Puis, en mars et avril, je vais poursuivre mon initiation au sein du Bergpunkt, une école d’alpinisme suisse germanophone qui semble traiter l’alpinisme avec la même rigueur que ses compatriotes appliquent à l’horlogerie. Là encore, il s’agira d’une immersion linguistique totale. Lorsque je ne serai pas en montagne, je vivrai avec le directeur de l’école, mais il faudra voir comment avec mon « haut » allemand je me débrouille avec ces dialectophones. Au cours d’une série de stages, j’apprendrai à me déplacer sur glaciers, à manier cordes et piolets, la base d’une activité autonome. Ensuite, nous effectuerons une série de randonnées à ski dans les Alpes, dont la classique Haute Route Chamonix-Zermatt. Tout en m’entraînant, je vais aussi m’intéresser à l’histoire de cette traversée à ski de 120 km reliant la vallée de Chamonix à Zermatt, l’itinéraire de ski-alpinisme le plus célèbre du monde. Je n’écrirai pas seulement sur les athlètes, mais aussi sur les écrivains et les artistes dont la vie m’intéresse.
« Un an pour préparer cette course »
Mon objectif d’ici la fin de l’hiver est d’être capable d’évoluer de manière autonome en montagne mais aussi d’apprendre deux-trois choses sur mon état d’esprit intérieur. J’aurai alors un an pour me préparer sérieusement à la course. Pendant toute cette période, j’écrirai une chronique hebdomadaire dans le Globe and Mail (quotidien national canadien, ndlr), relayé ici, dans Outside, et j’en publierai régulièrement des mises à jour sur les médias sociaux.
Dans les semaines à venir, tant de choses peuvent bien sûr mal tourner. La blessure est l’obstacle le plus probable. Je pourrais me casser une jambe la semaine prochaine. Moins dramatiquement, ces dernières années, alors que je domptais ma tête, je me suis battu avec l’autre extrémité de mon corps : d’abord une fasciite plantaire, une douleur dans la plante du pied, puis une tendinite d’Achille. Deux problèmes résolus grâce à une physiothérapie assidue, mais je me suis ensuite froissé un autre tendon du côté droit de ma cheville. Là encore, j’ai fait consciencieusement mes étirements et je viens de terminer un plan d’entraînement spécifique de dix semaines pour le ski alpinisme. Je suis dans la meilleure forme possible. Mais, comme pour mon esprit, je dois être doux avec mon corps.
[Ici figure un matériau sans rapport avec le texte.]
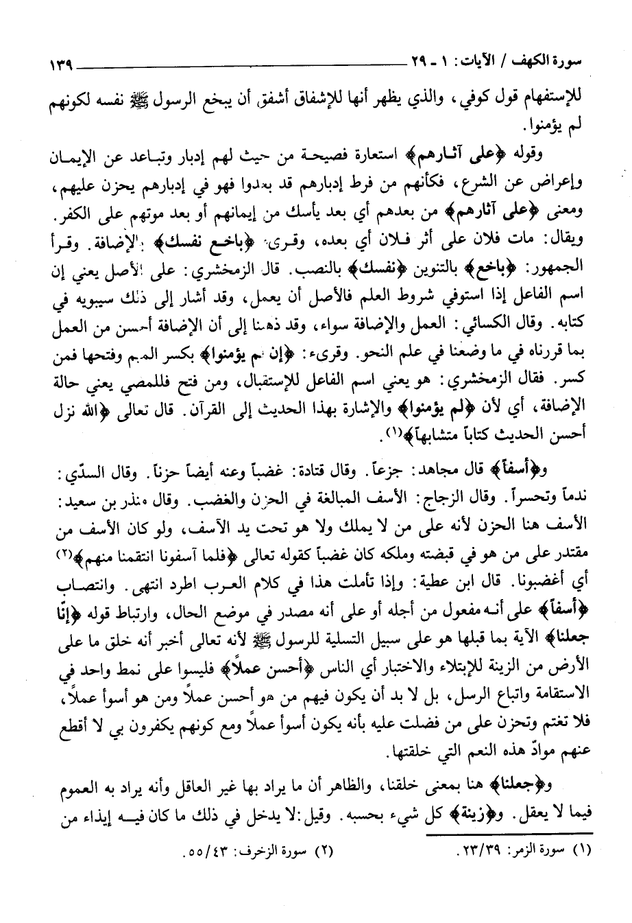 الْأَسَفُ هُنَا الْحُزْنُ لِأَنَّهُ عَلَى مَنْ لَا يَمْلِكُ وَلَا هُوَ تَحْتَ يَدِ الْآسِفِ، وَلَوْ كَانَ الْأَسَفُ مِنْ مُقْتَدِرٍ عَلَى مَنْ هُوَ فِي قَبْضَتِهِ وَمِلْكِهِ كَانَ غَضَبًا كَقَوْلِهِ تَعَالَى فَلَمَّا آسَفُونا انْتَقَمْنا مِنْهُمْ «2» أَيْ أَغْضَبُونَا. قَالَ ابْنُ عَطِيَّةَ: وَإِذَا تَأَمَّلْتَ هَذَا فِي كَلَامِ الْعَرَبِ اطَّرَدَ انْتَهَى. وَانْتِصَابُ أَسَفاً عَلَى أَنَّهُ مَفْعُولٌ مِنْ أَجْلِهِ أَوْ عَلَى أَنَّهُ مَصْدَرٌ فِي مَوْضِعِ الْحَالِ، وَارْتِبَاطُ قَوْلِهِ إِنَّا جَعَلْنا الْآيَةِ بِمَا قَبْلَهَا هُوَ عَلَى سَبِيلِ التَّسْلِيَةِ لِلرَّسُولِ صَلَّى اللَّهُ عَلَيْهِ وَسَلَّمَ لِأَنَّهُ تَعَالَى أَخْبَرَ أَنَّهُ خَلَقَ مَا عَلَى الْأَرْضِ مِنَ الزِّينَةِ لِلِابْتِلَاءِ وَالِاخْتِبَارِ أَيُّ النَّاسِ أَحْسَنُ عَمَلًا فَلَيْسُوا عَلَى نَمَطٍ وَاحِدٍ فِي الِاسْتِقَامَةِ وَاتِّبَاعِ الرُّسُلِ، بَلْ لَا بُدَّ أَنْ يَكُونَ فِيهِمْ مَنْ هُوَ أَحْسَنُ عَمَلًا وَمَنْ هُوَ أَسْوَأُ عَمَلًا، فَلَا تَغْتَمَّ وَتَحْزَنْ عَلَى مَنْ فُضِّلْتَ عَلَيْهِ بِأَنَّهُ يَكُونُ أَسْوَأَ عَمَلًا وَمَعَ كَوْنِهِمْ يَكْفُرُونَ بِي لَا أَقْطَعُ عَنْهُمْ مَوَادَّ هَذِهِ النِّعَمِ الَّتِي خَلَقْتُهَا.
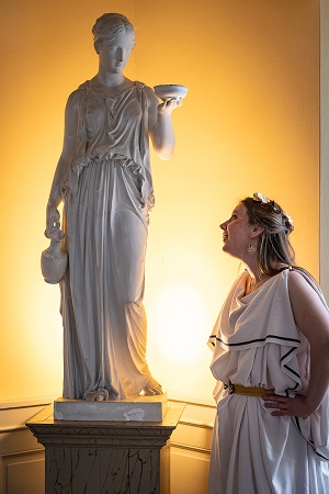 In the next group scene, we were then instructed to go to the dining hall. The multi-course dinners and lunches were catered and high quality. What made these dining scenes particularly epic were the statues and bas reliefs decorating the room that portrayed scenes from Greek mythology. The metatechnique that guided play in these scenes was dinner warfare, also featured in Wind’s larp Daemon (2021-). Unlike the intensely visible brutality in the Punishment ritual, we sat in circles masterminded by assigned seating to maximize drama. We pretended to be members of polite society while delivering passive aggressive verbal barbs, whether about art, the Muses’ confinement, class, or any number of other dynamics. (Gender, sexuality, and race/ethnic discrimination was explicitly forbidden in the larp, but class was very much embedded in the character design). This juxtaposition of high boiling intensity in the beginning directly to a low simmer punctuated the themes of the larp quite sharply: the epic alongside the banal, the fragility of human egos, the need to control in order to feel important, the subtle bids for freedom within enforced servitude, etc. According to the designers, traditions such as arranged seating were diegetically upheld as necessary, both due to affiliation to the Inspired’s prestigious university and the necessity to keep the ritual intact. Wind told me,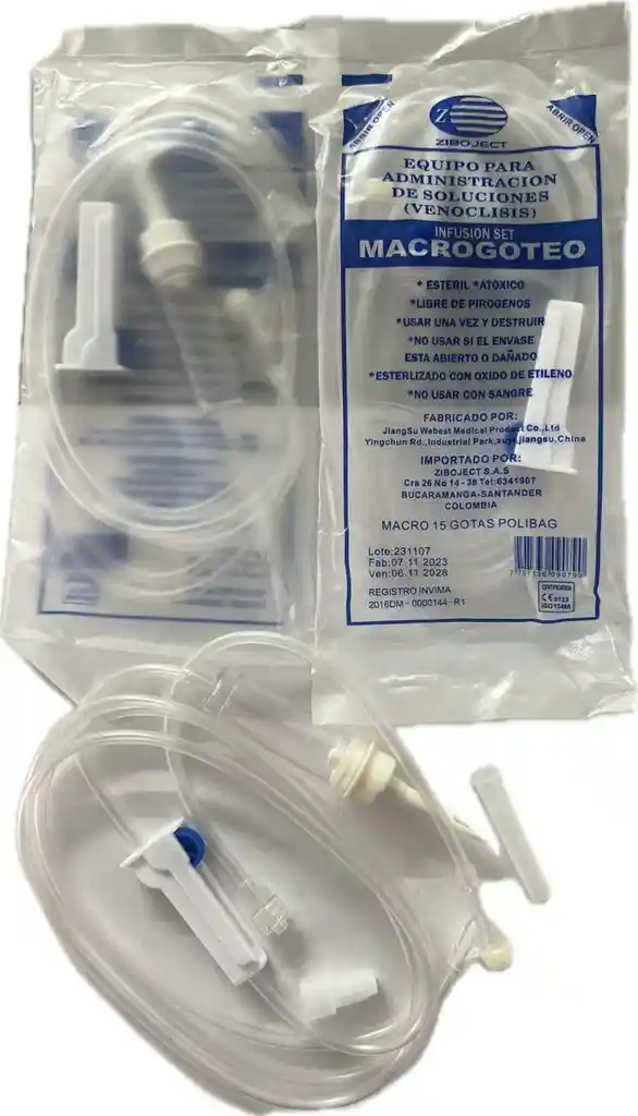 El equipo de infusión de macrogoteo puede administrar al paciente volúmenes de solución mayores a 75 mililitros por hora, por lo que se utilizará en el caso de aquellas afecciones en las que se requiera administrar una mayor cantidad de solución con un factor de goteo alto. Conector Luer Lock ( De Rosca )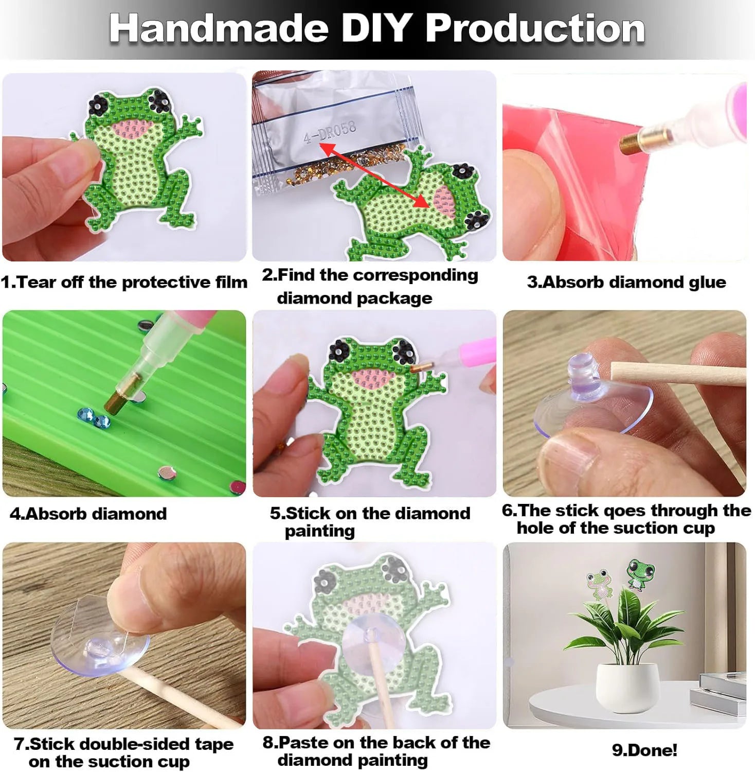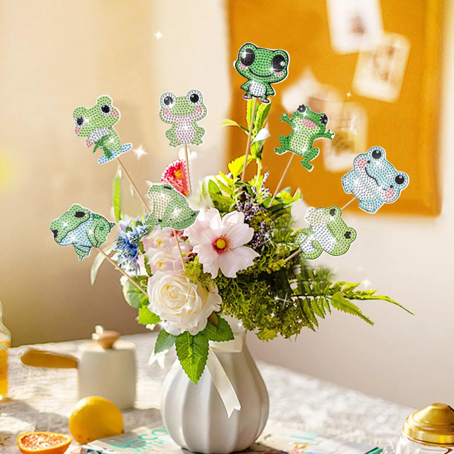 Met deze Diamond Painting Plantenstekers creëer je eenvoudig een persoonlijke en creatieve sfeer. De combinatie van sprankelende details en een vriendelijk kikkerontwerp maakt ze aantrekkelijk voor jong en oud. Ze vormen een originele decoratieve oplossing voor iedereen die zijn planten net dat beetje extra uitstraling wil geven en op zoek is naar een speels maar stijlvol accent.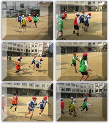 4月19日(金) 5年生の体育の学習です。リレーに取り組みました。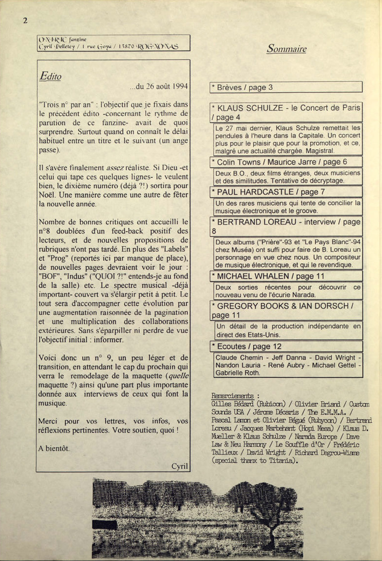 A4 12 pages → Photocopie NB ↪ FR ↪ 13 ↪ Rognonas Parution en septembre 1994Oniric n°9 Numerisation : Oui (150 dpi) En ligne sur Fanzinothèque.fr PLUS MOINS
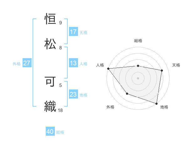恒松 可織さんの総格は40画の2点!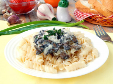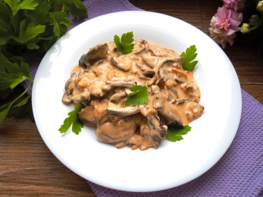 Прогрейте всё вместе еще пару минут и снимите сковороду с огня. Грибы со сметаной готовы! Дополните их любым гарниром и подавайте к столу. Приятного аппетита!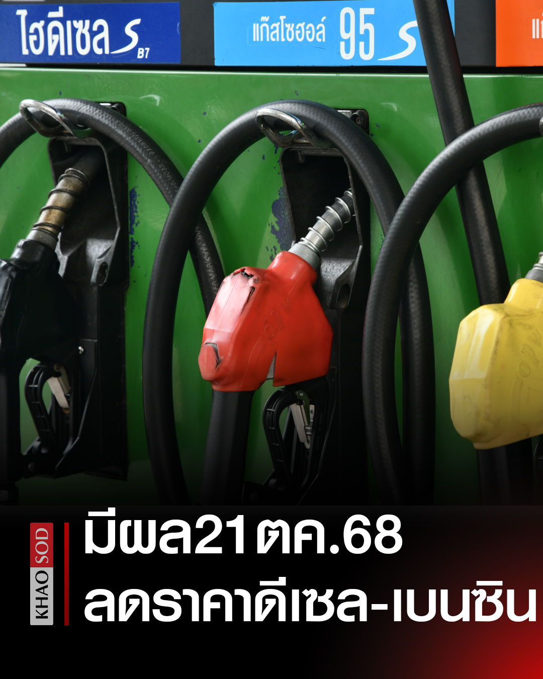 ลดราคาดีเซล 50 สตางค์ต่อลิตร เบนซินลด 30 สตางค์ มีผล 21 ต.ค.68 เพื่อให้ประชาชนได้รับประโยชน์โดยตรงจากการบริหารจัดการราคาพลังงานอย่างทันท่วงที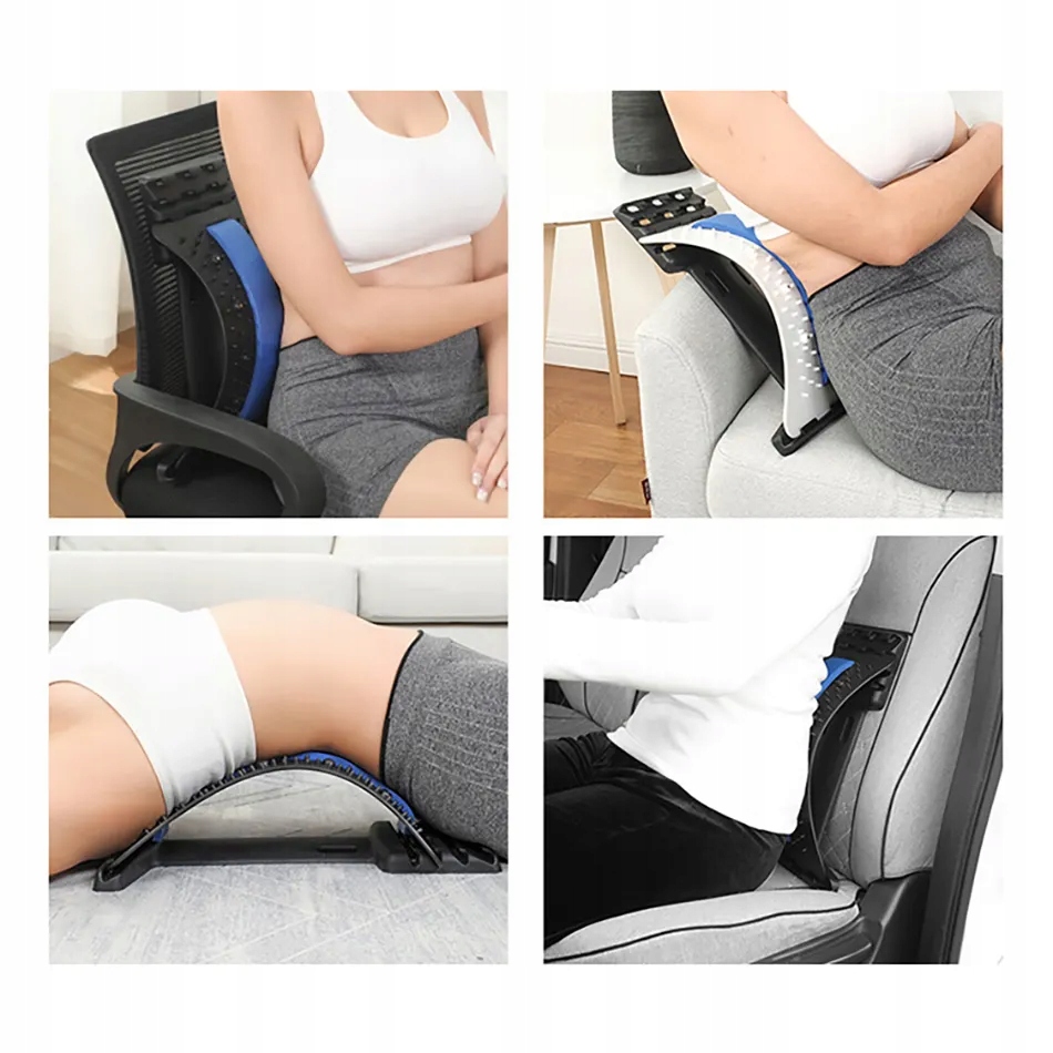 Urządzenie można ustawić w trzech pozycjach w zależności od stopnia problemu z kręgosłupem. Wystarczy wybrać odpowiednią wysokość urządzenia, położyć się na plecach opierając kręgosłup lędźwiowy na przyrządzie i zrelaksować. Nie trzeba męczyć się z matami akupunkturowymi czy jogą aby wspomóc swój kręgosłup. Przyrząd jest bardzo lekki, wykonany z wytrzymałego tworzywa i kompaktowy. Dzięki temu z łatwością można go zabrać na wakacje lub w podróż służbową.

Les caprices de la météo et des conditions d’enneigement ne sont pas non plus de mon ressort, même si, heureusement, la neige est maintenant arrivée dans les Alpes. Au final, je ne peux pas vraiment prédire tout ce qui va se passer. Je suis conscient que certains lecteurs auront une expérience et une culture de la montagne très différentes de la mienne, et je suis curieux de connaître leurs points de vue et d’entendre leurs recommandations. Mais surtout, j’espère que vous vous joindrez à moi pour ce voyage.
Simon Akam est un journaliste et auteur britannique. Son premier livre, « The Changing of the Guard – The British Army since 9/11 », publié en 2021, a fait partie des livres de l’année du Times Literary Supplement, il a remporté le Templer First Book Prize.